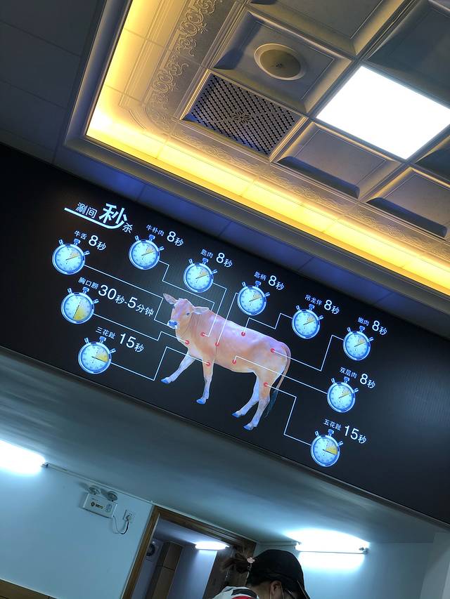 店里写着牛的每个部位涮多长时间,菜单上也写的,比较贴心。我们后来加单的牛脊髓和牛蛋,服务员上菜时也会贴心告诉涮2分钟。
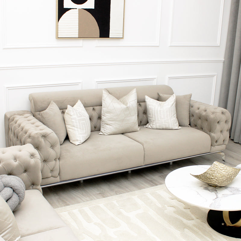 The Yasmin, buttoned velvet sofa with silver legs is the ultimate luxury in sitting room chic. With button detailing, elevated using modern and sleek lines this gorgeous sofa offers a stylish and comfortable place to relax. Built to last, this sofa sits on a hardwood base and finished with a chrome frame. The plush light grey coloured upholstery covers the Yasmin beautifully. For optimum comfort, firm foam creates a luxurious seating experience. This structured sofa features a rotating back rest allowing this to become an extra large lounger for a cinema room feel. Two matching cushions upholstered in the same plush velvet compliment this luxe sofa.
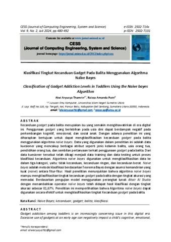 Thamrin, Alwi Aryusya (2024) Klasifikasi Tingkat Kecanduan Gadget Pada Balita Menggunakan Algoritma Naïve Bayes. CESS (Journal of Computing Engineering, System and Science).
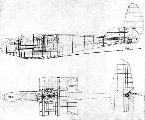 Le RP-218 n'a jamais été construit, en partie parce que Korolev fut assigné au développement du Bitch-11. En 1935, il construisit le planeur biplace SK-9 et le proposa comme banc d'essai pour moteur-fusée. Cependant, c’est le constructeur Alexei Cherbakov qui se chargera de la transformation du SK-9. Ce constructeur s’était distingué en construisant des planeurs équipés de cabine pressurisée pour le vol stratosphérique. Un de ses planeurs vola ainsi jusqu’à 12000 mètres d’altitude. En 1936, Cherbakov et A.V.Pallo commencèrent à convertir ce planeur SK-9, construit essentiellement en bois, comme banc d'essai en vol pour l'ORM-65 conçu par V.P. Glouchko et Leonid Stepanovich Dushkin. Le siège arrière du SK-9 était remplacé par un réservoir cylindrique en alliage D1 contenant 10 kg de kérosène. Immédiatement derrière, il y avait deux réservoirs en acier inoxydable pour 20 kg d'acide nitrique fumant. Le planeur avait une masse au décollage de 660 kg, une envergure de 17 mètres et une longueur de 7,44 mètres. |
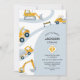 Construction moderne haut Le trafic 1er anniversaire Invitation Construction moderne et grise, jaune sur le thème de la première anniversaire invitation comprenant cinq véhicules de construction, route grise et un panneau jaune. Cette invitation d'anniversaire de construction peut être utilisée pour n'importe quel âge car l'âge est modifiable.
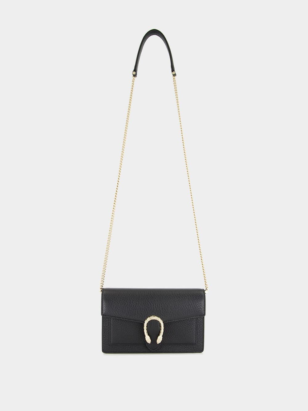 Dimensions: H 10 x W 16.5 x D 4.5 cm; Attached key ring that can attach to a separate bag; Chain shoulder strap: 60cm; This item fit a cellphone up to 69x142x7mm; Made in Italy.
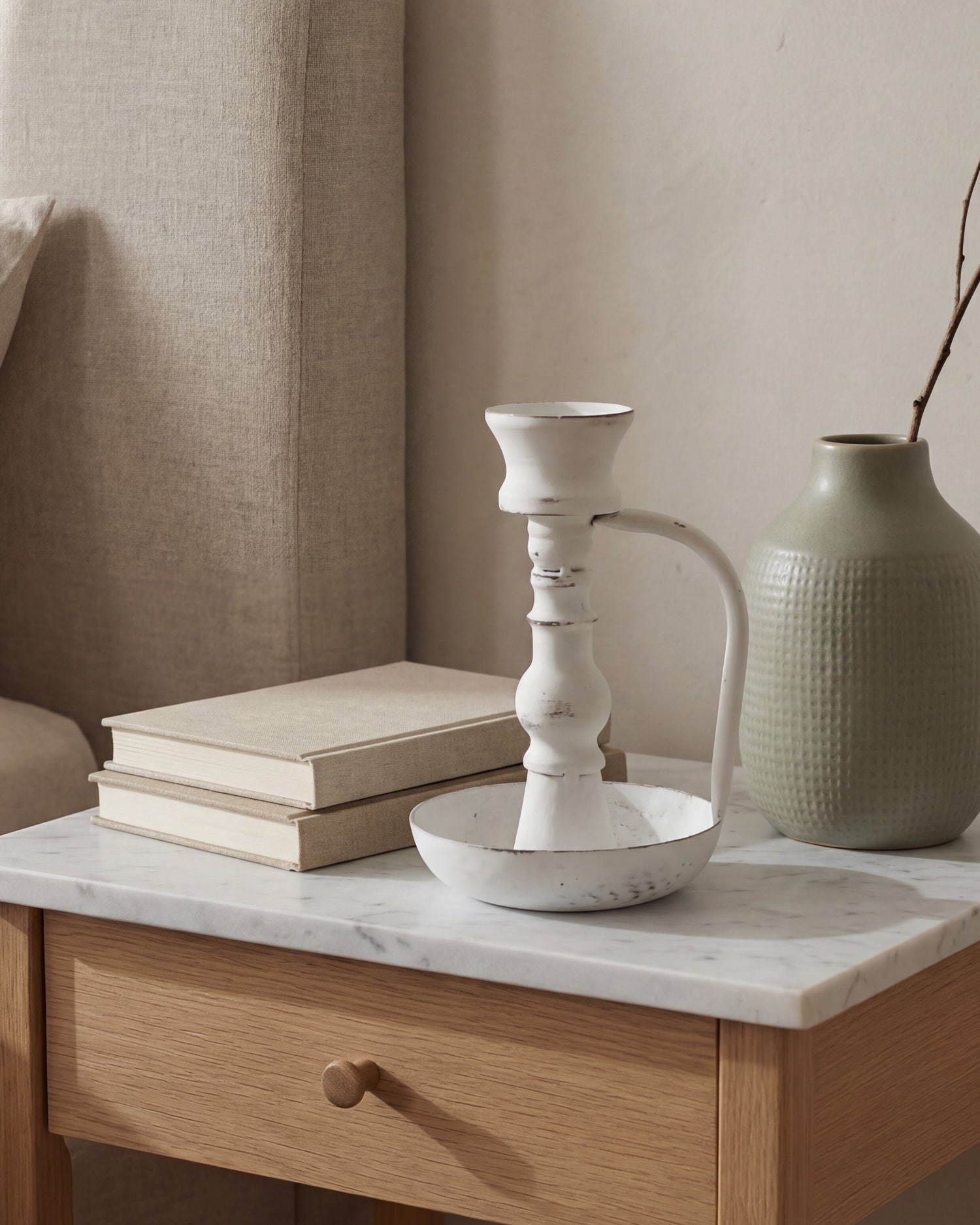 Bring soft, timeless charm to your home with our Freya Metal Taper Holder. Crafted from metal with a matte white finish and subtle distressing, this piece blends vintage character with modern simplicity. Its sculpted silhouette and gently weathered patina make it a beautiful accent for mantels, dining tables, or shelves. Designed to style effortlessly through the seasons, it adds warmth and understated elegance wherever it’s placed.

» **Task statement**
Restate the records above in full and word for word, but do not carry over any pictures.

» **Solution to this problem**
 店里写着牛的每个部位涮多长时间,菜单上也写的,比较贴心。我们后来加单的牛脊髓和牛蛋,服务员上菜时也会贴心告诉涮2分钟。
 The Yasmin, buttoned velvet sofa with silver legs is the ultimate luxury in sitting room chic. With button detailing, elevated using modern and sleek lines this gorgeous sofa offers a stylish and comfortable place to relax. Built to last, this sofa sits on a hardwood base and finished with a chrome frame. The plush light grey coloured upholstery covers the Yasmin beautifully. For optimum comfort, firm foam creates a luxurious seating experience. This structured sofa features a rotating back rest allowing this to become an extra large lounger for a cinema room feel. Two matching cushions upholstered in the same plush velvet compliment this luxe sofa.
 Thamrin, Alwi Aryusya (2024) Klasifikasi Tingkat Kecanduan Gadget Pada Balita Menggunakan Algoritma Naïve Bayes. CESS (Journal of Computing Engineering, System and Science).
 Le RP-218 n'a jamais été construit, en partie parce que Korolev fut assigné au développement du Bitch-11. En 1935, il construisit le planeur biplace SK-9 et le proposa comme banc d'essai pour moteur-fusée. Cependant, c’est le constructeur Alexei Cherbakov qui se chargera de la transformation du SK-9. Ce constructeur s’était distingué en construisant des planeurs équipés de cabine pressurisée pour le vol stratosphérique. Un de ses planeurs vola ainsi jusqu’à 12000 mètres d’altitude. En 1936, Cherbakov et A.V.Pallo commencèrent à convertir ce planeur SK-9, construit essentiellement en bois, comme banc d'essai en vol pour l'ORM-65 conçu par V.P. Glouchko et Leonid Stepanovich Dushkin. Le siège arrière du SK-9 était remplacé par un réservoir cylindrique en alliage D1 contenant 10 kg de kérosène. Immédiatement derrière, il y avait deux réservoirs en acier inoxydable pour 20 kg d'acide nitrique fumant. Le planeur avait une masse au décollage de 660 kg, une envergure de 17 mètres et une longueur de 7,44 mètres. |
 Construction moderne haut Le trafic 1er anniversaire Invitation Construction moderne et grise, jaune sur le thème de la première anniversaire invitation comprenant cinq véhicules de construction, route grise et un panneau jaune. Cette invitation d'anniversaire de construction peut être utilisée pour n'importe quel âge car l'âge est modifiable.
 Dimensions: H 10 x W 16.5 x D 4.5 cm; Attached key ring that can attach to a separate bag; Chain shoulder strap: 60cm; This item fit a cellphone up to 69x142x7mm; Made in Italy.
 Bring soft, timeless charm to your home with our Freya Metal Taper Holder. Crafted from metal with a matte white finish and subtle distressing, this piece blends vintage character with modern simplicity. Its sculpted silhouette and gently weathered patina make it a beautiful accent for mantels, dining tables, or shelves. Designed to style effortlessly through the seasons, it adds warmth and understated elegance wherever it’s placed.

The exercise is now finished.